Help optimize query

I am using Neo4j for analyzing LDAP servers, and would appreciate some help / feedback on the data model as well as the query for building relationships.

Currently, I am creating nodes for each LDAP entry with a label equal to its objectClass attribute (e.g. organizationalUnit, user, group, etc.).

The problem is, I want to create relationships between nodes based on the RDN (e.g. (OU=Users,DN=foo)-[:CONTAINS]->(CN=Bob,OU=Users,DN=foo). So far I have this:

EXPLAIN MATCH (child)
WHERE child
WITH
    child,
    substring(reduce(parent_dn = "", rdn IN tail(split(child.dn, ",")) | parent_dn + "," + rdn), 1) as parent_dn
MATCH (parent {dn: parent_dn})
MERGE (parent)-[:CONTAINS]->(child)
RETURN count(parent);

Which is obviously not good since it doesn't specify labels so doesn't use indices.

I'm stuck on how I should optimize this because of that. Should I not use objectClass as a label since I have maybe 20 unique values? Should I just use one label for everything?

I originally thought it would be good to use objectClass as a label since Neo4j would color them differently and allow me to differentiate between types.

I'm far from an LDAP master but whenever you have embedded strings like this, your data model probably isn't right. You shouldn't ever need to parse text in cypher as you're doing right now. This is a strong indication that what you need is 3 different properties and possibly label types.

For example, what you reference as (CN=Bob,OU=Users,DN=foo), you could consider modeling this as:

(c:CN { id: "Bob" }), (o:OU { id: 'Users' }), (d:DN { id: 'foo' }), (entry)-[:REF]->(c), (entry)-[:REF]->(o), (entry)-[:REF]->(d)

In other words, if you can do that text parsing, do it once upfront when you load the model, and then never again

Hi David,

This is exactly the right approach. I want to emphasize the fact that the underlying benefit of this approach is 'Scalability'.

1 Like

@david_allen @ameyasoft The entire DN (CN=Bob,OU=Users,DN=foo) is actually what is the "ID" in the sense that CN=Bob,OU=Users,DN=foo should be unique across all types of nodes (not just CN), but "Bob" isn't necessarily unique across anything, even CN. There could be CN=Bob,OU=Users,DN=foo as well as CN=Bob,OU=SomethingElse,DN=foo. Are you mainly just suggesting to use CN / OU / DN as node labels, and I could do (c:CN { dn: 'CN=Bob,OU=Users,DN=foo' }), (o:OU { dn: 'OU=Users,DN=foo' }), (d:DN { dn: 'DN=foo' }), (entry)-[:REF]->(c), (entry)-[:REF]->(o), (entry)-[:REF]->(d) so they can be indexed by dn (formerly id) / guaranteed to be unique? Or is there a benefit to keeping (c:CN { id: 'Bob' }) instead of the whole DN?

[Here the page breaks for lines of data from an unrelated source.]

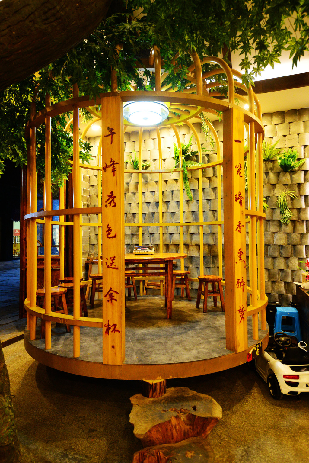 餐席也做成了鸟笼状,果然是鸟乡。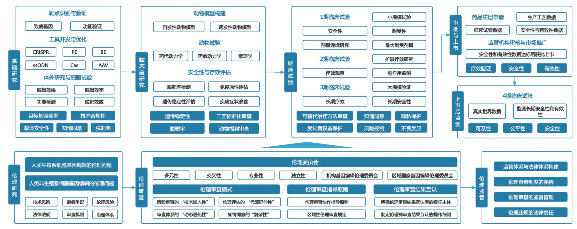 二是完善贯穿研发全周期的伦理安全审查体系。基因编辑技术的伦理安全风险随着研发进程而变化,需要实施分阶段管理。临床前阶段应重点完善长期毒理学评价和生殖系转移风险评估;临床阶段强化实时监测与长期随访机制,重点关注受试者权益保护,并动态追踪脱靶情况;上市后阶段应建立基于真实世界数据的安全预警体系。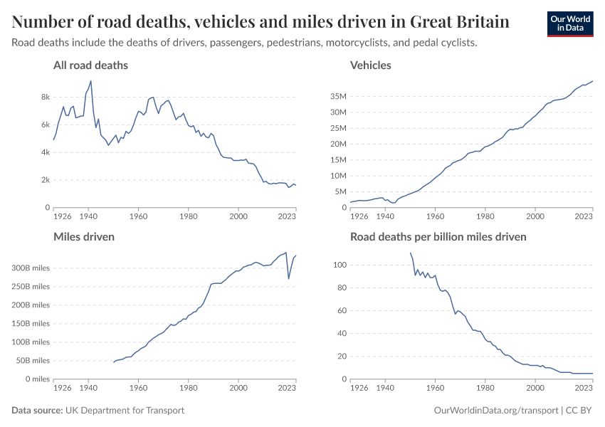 Hannah Ritchie (2025) - “How Britain built some of the world’s safest roads” Published online at OurWorldinData.org. Retrieved from: 'https://enhance-catalog-improvements.owid.pages.dev:8789/20260211-174736/britain-safest-roads-history.html' [Online Resource] (archived on February 11, 2026).BibTeX citation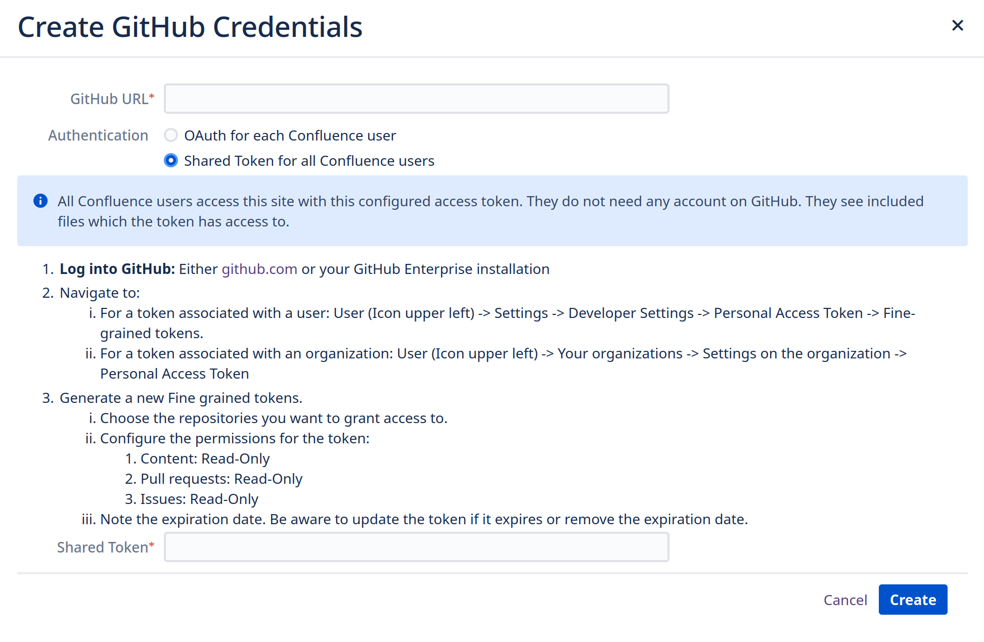 By default Include GitHub for Confluence uses personal OAuth to access private repositories. This ensures that each Confluence user can only access private repositories that they have access to, but requires a that each user has a GitHub account.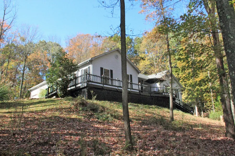 *SOLD - May 2016* So much woodsy charm & appeal, complemented by upscale construction & amenities here...easy-flow ranch living, with resort lifestyle & much more included! Don't miss this exceptional home set amidst tall trees...approximately 1.5 acres that do doubt feel & live larger! Located in the private gated resort community of Hide-A-Way Hills, naturally near the famous Hocking Hills since 1961! Plenty of storage here, from the 3-car garage in to multiple walk-in closets and down to the walkout lower level enclosed spaces. Step inside to a wide & welcoming foyer, w/den & WOW private owners' suite retreat off to one side , and on in along the gleaming hardwood flooring to the open dining area & kitchen w/breakfast bar, pantry, & recessed lighting. Just steps away is grand gathering family room, with multiple windows, plus custom wood & mantel surround for the brick-hearth firepla...

Also, regarding properties, I'm not sure how I would store them as such. The DN (the entire string) is kind of like a URL / path in the sense that the order matters. I may have OU=foo and OU=bar for one node, but OU=foo,OU=bar is totally different from OU=bar,OU=foo. Think of it like components to a URL.

The relationships which would be created are really related to substrings. CN=Bob,OU=Users,DN=foo is part of OU=Users,DN=foo which is part of DN=foo.